- [To do]:
Once the line containing "- TOFFEE PIECES" is found in the data below, repeat it and every later line exactly, leaving the pictures out.

- [Input data]:

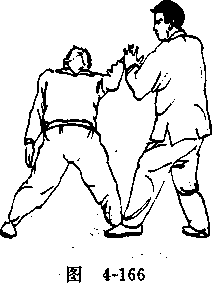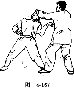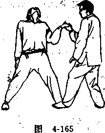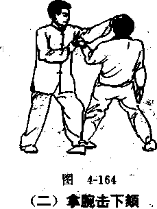(―)拿鼻、甲方用左推掌推击乙方胸部,乙方用右手由里抓握其手 指(图4-162)并向外拧转,用左手扣握其腕,(图4-163),随 即用左手发钻拳(拳心向上)攻击甲方鼻部(图4-164)。图4-162上步擒打图4-162上步擒打图 4-163,图 4-163,图4-162上步擒打图4-162上步擒打图 4-163,图 4-163,甲方用左推掌推击乙方胸部,乙方用右手由来掌之外侧 抓握其手指(图4-165),并向外拧转,用左手扣压其腕,(图 4-166),随之用左拳贯击其头部(图4-167)。
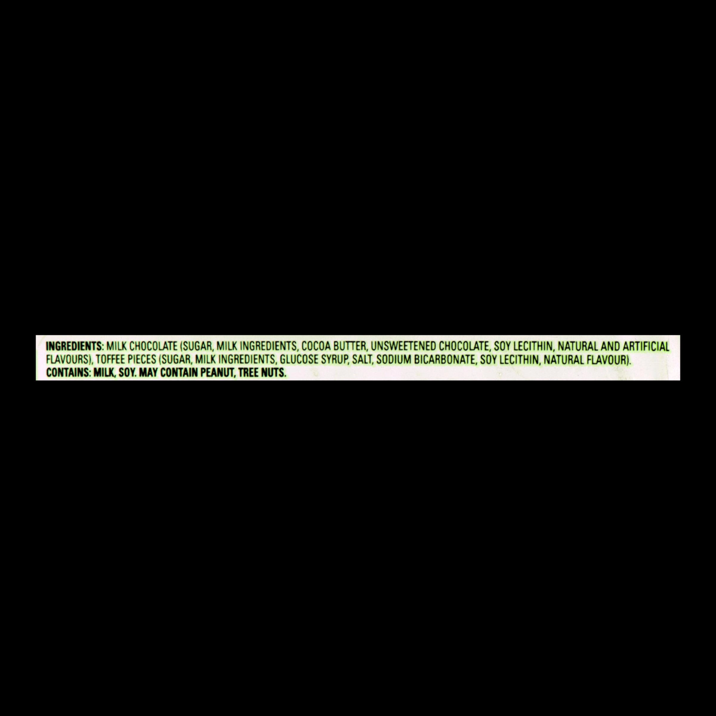- TOFFEE PIECES (SUGAR, MILK INGREDIENTS, GLUCOSE SYRUP, SALT, SODIUM BICARBONATE, SOY LECITHIN, NATURAL FLAVOUR)
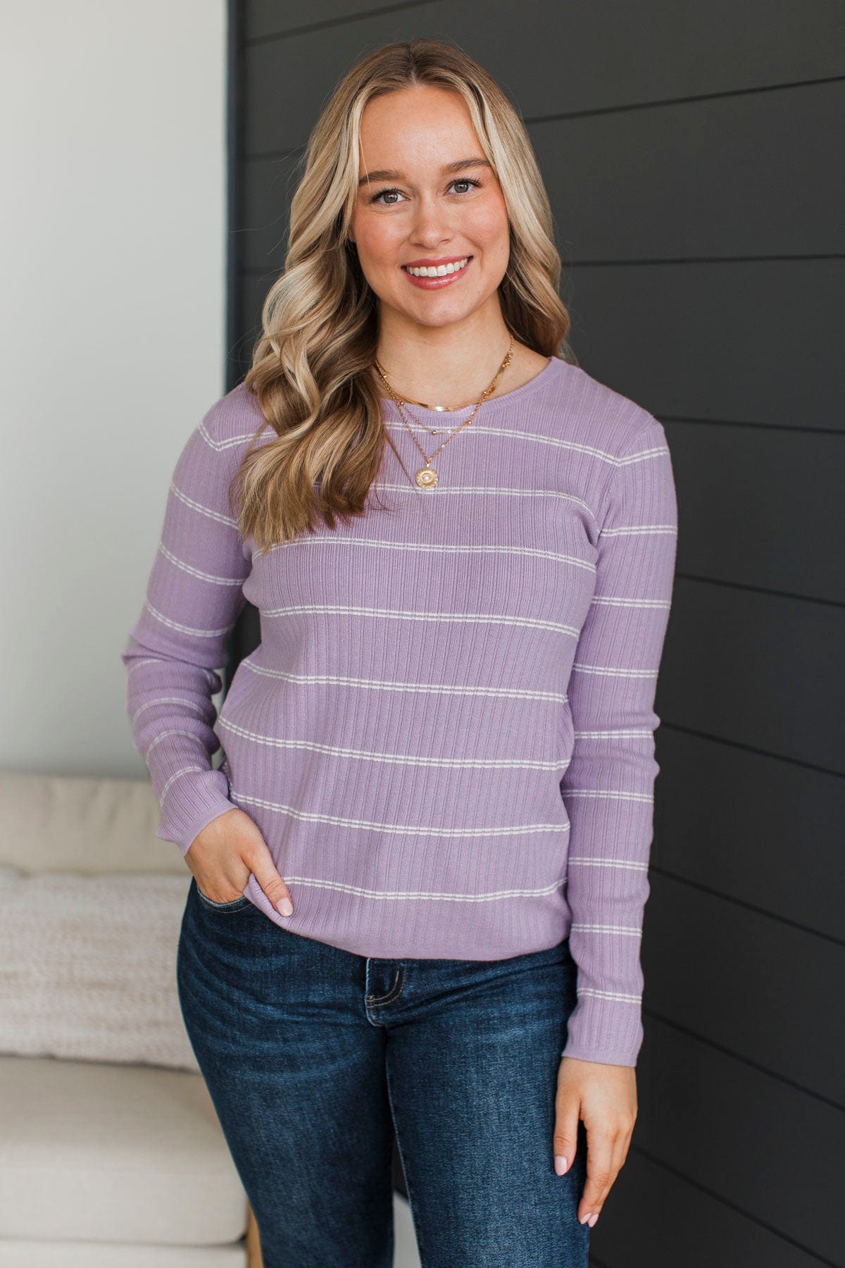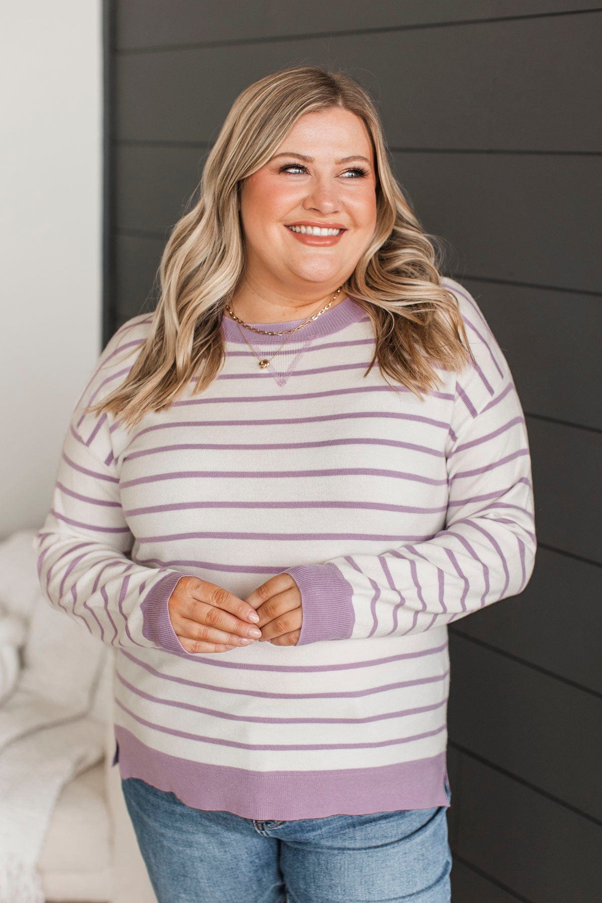 Fulfilling Friendships Striped Knit Sweater- Orchid

- [Problem solution]:
- TOFFEE PIECES (SUGAR, MILK INGREDIENTS, GLUCOSE SYRUP, SALT, SODIUM BICARBONATE, SOY LECITHIN, NATURAL FLAVOUR)
 Fulfilling Friendships Striped Knit Sweater- Orchid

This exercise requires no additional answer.